2009 Activities: The project team conducted a focus group with hospital personnel, administrators, and physicians who were familiar with the CONNECT project, to discuss the adoption of an interoperable system, electronic record sharing, and portable PDHRs. They conducted semi-structured interviews with parents or caregivers of babies who were discharged from the neonatal intensive care unit at Forrest General hospital on the use of the PDHRs. Through the focus group and interviews, researchers investigated how caregivers, hospital personnel, administrators, and physicians perceived the usefulness of PDHRs. Caregiver interviews investigated similar questions related to benefits and barriers to the use of PDHRs. The project team reviewed and analyzed the focus group transcript and notes from caregiver interviews for recurring themes, beginning with open coding, followed by composing categories of codes and designating the interrelationship of codes. The Non-numerical Unstructured Data Indexing Searching and Theorizing software program from Qualitative Solutions and Research was used to facilitate management, systematic organization, and examination of the data.

Grantee’s Most Recent Self-Reported Quarterly Status: The project ended in September 2009 with all major aims achieved.

Impact and Findings: Innovative technologies for managing health information could enhance the delivery of health care in Mississippi. There are certain high-risk populations who might benefit from PDHRs to increase continuity of care between specialist and primary care physicians. The CONNECT project developed a particular type of personal health record in the form of a CD for a special patient population, babies who were treated in a neonatal intensive care unit. Similar PDHRs could be created for other populations who undergo intensive specialized treatment and are later released to their community doctors with only limited check-ups from specialists.

As data analysis from the CONNECT study suggests, PDHRs can increase caregivers sense of empowerment by providing them with a medical record to share with their medical providers. Similarly, physicians can provide higher quality care by gaining access to patients’ health information through a portable medical record.

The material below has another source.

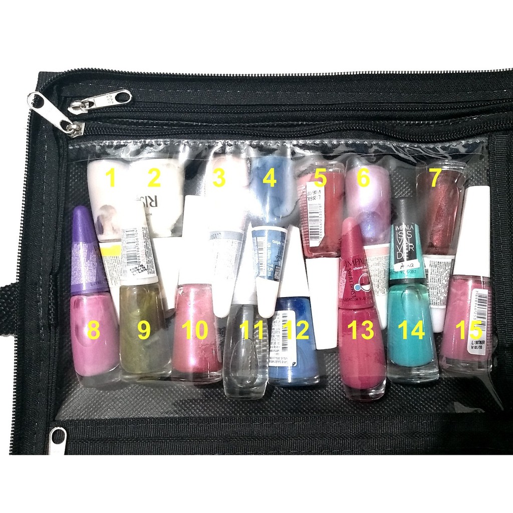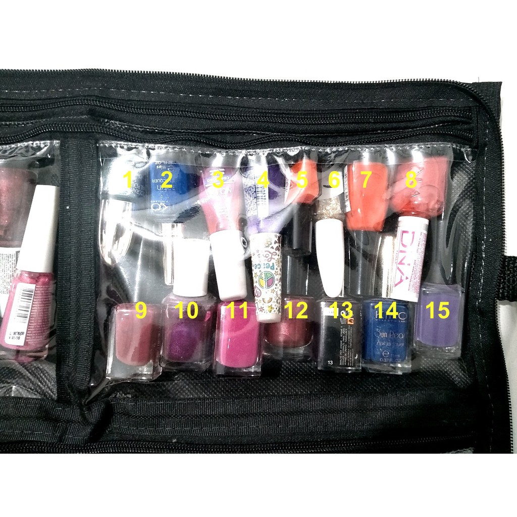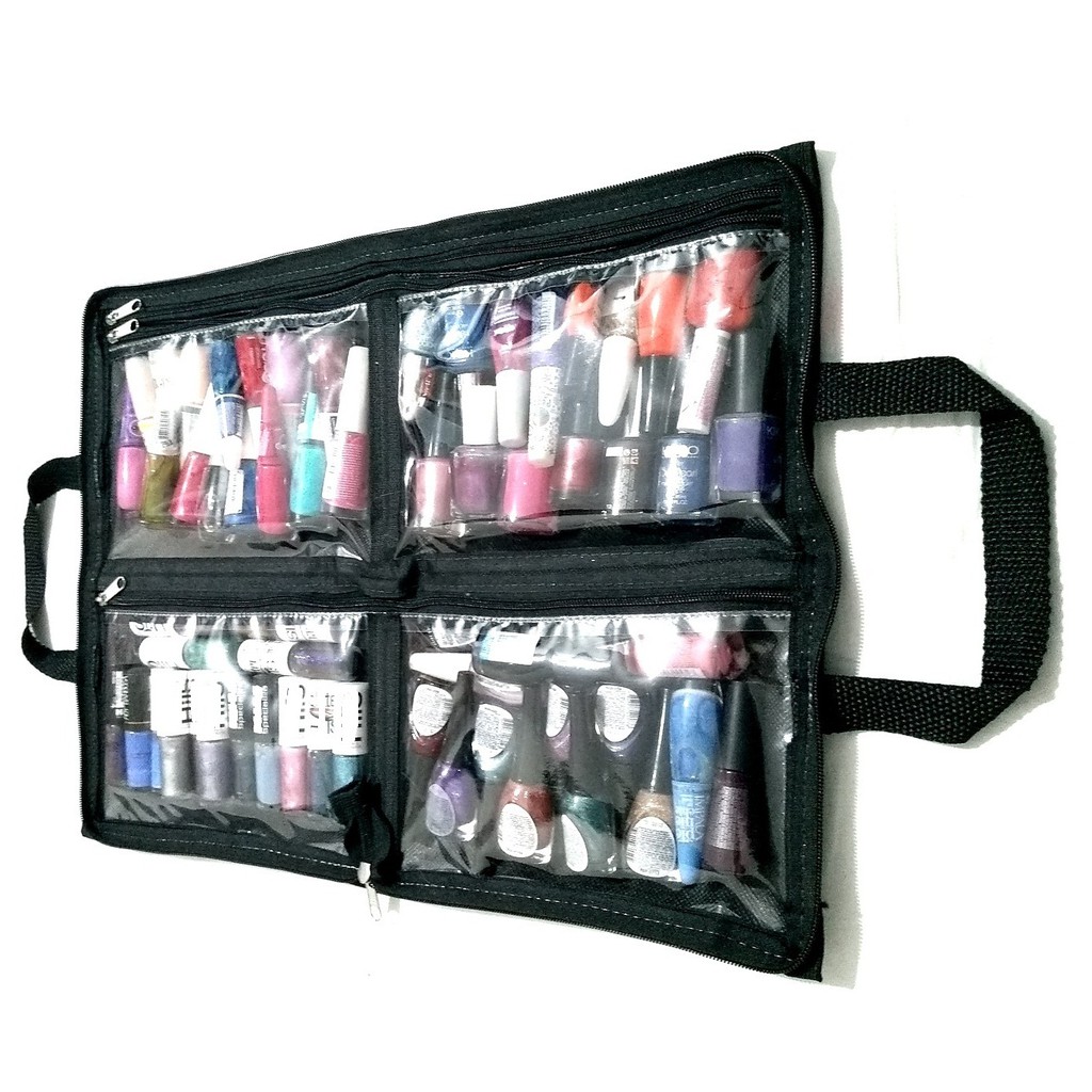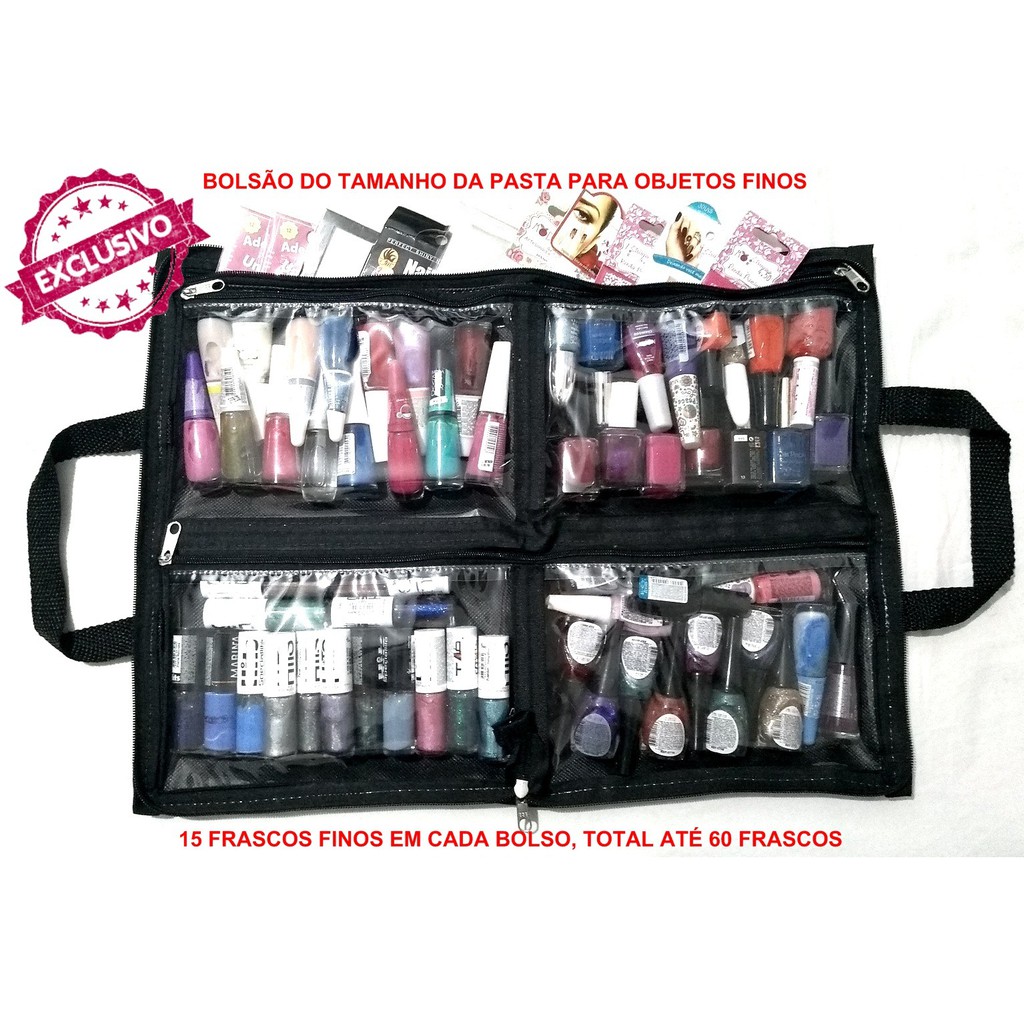 Bolsa Pasta Porta Esmaltes / Maquiagem Manicure Maquiador Domicilio preta para até 60 frascos COM bolsão interno

Overall, the enhanced communication between the medical providers of high-risk patients will result in improved medical outcomes.

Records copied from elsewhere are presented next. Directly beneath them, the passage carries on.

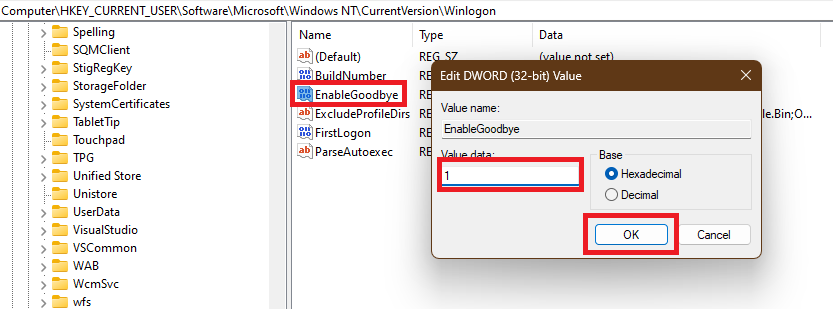 HKEY_CURRENT_USERSoftwareMicrosoftWindows NTCurrentVersionWinlogon3.WählenAktivierenAuf Wiedersehen, ändern Sie dieWertdatenZu1, klicken Sie aufOKKlicken Sie auf die Schaltfläche und starten Sie Ihren Computer neu.
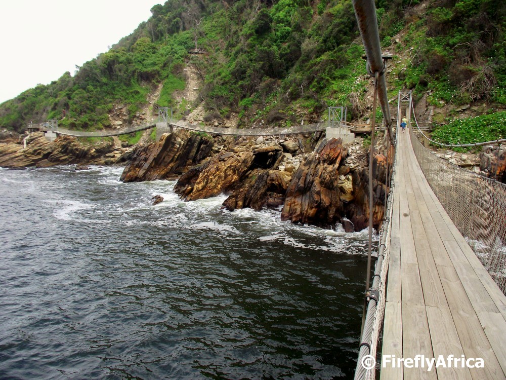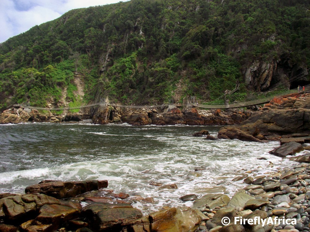 Over the years the suspension bridge over the river mouth has become a main feature in the park and pictures of it has become synonymous with Storms River Mouth.  In 2007 a fire swept through the area close to the bridge and major damage was caused to the walkway as well as the surrounding environment.  The rockface wasn’t deemed safe enough to rebuilt the walkway and park management had to find another way to access the suspension bridge and subsequently further trails.
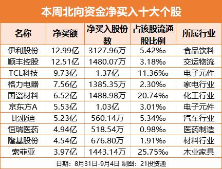 从北向资金增持最多的个股来看,本周面板巨头TCL科技、京东方A均进入前十。
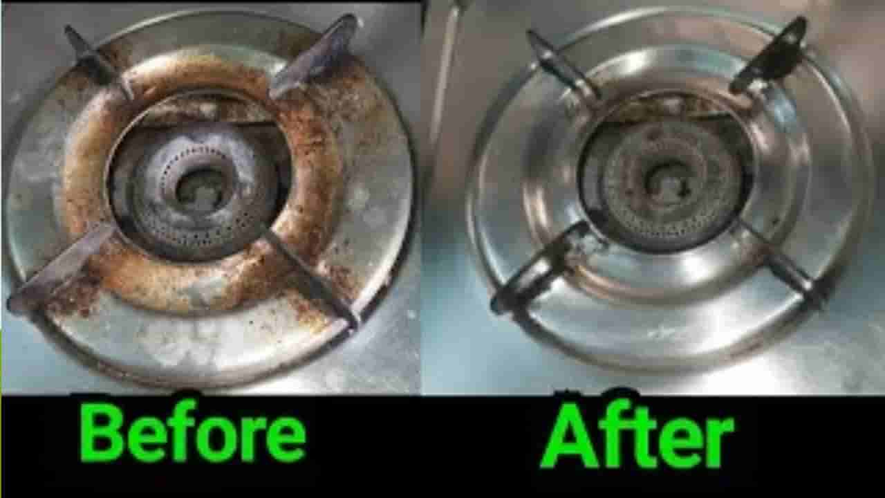 గ్యాస్ స్టవ్ మీద ప్లేట్లు, బర్నర్లను శుభ్రం చేయడంలో డిష్ వాషింగ్ లిక్విడ్, వేడి నీరు చాలా ప్రభావవంతంగా ఉంటాయి. దీని కోసం, ఒక బకెట్లో వేడి నీటిని పోసి దానికి కొన్ని చుక్కల డిష్ వాషింగ్ లిక్విడ్ వేసి బాగా కలపండి. ఇప్పుడు ప్లేట్లు ,బర్నర్లను అందులో వేసి 15 నిమిషాలు నానబెట్టండి. తరువాత వాటిపై పేరుకుపోయిన మురికిని బ్రష్తో రఫ్ చేసి ఆరిన తర్వాత క్లాత్ తీసుకొని క్లీన్ చేయండి. ఇలా చేయడం ద్వారా మీ స్టవ్ కొత్త దానిలా ఎప్పుడూ మెరుస్తూ ఉటుంది.

The idea of a portable health record is particularly important to regions of the country at-risk for natural disasters when patients may have to evacuate and seek medical care in a different location than usual. Hospitals have begun to discuss procedures for sending medical records along with patients if they are evacuated to a different medical facility. Many argue those policies would improve medical care even without a disaster. Patients across Mississippi could benefit from portable personal health records, as newborns in southern Mississippi did, while the infrastructure of a statewide health information exchange system is established.

More detail on the project findings is included in Dr. Rachal’s final report: Rachal 2009 Final Report.

Strategic Goal: Develop and disseminate health IT evidence and evidence-based tools to support patient-centered care, the coordination of care across transitions in care settings, and the use of electronic exchange of health information to improve quality of care.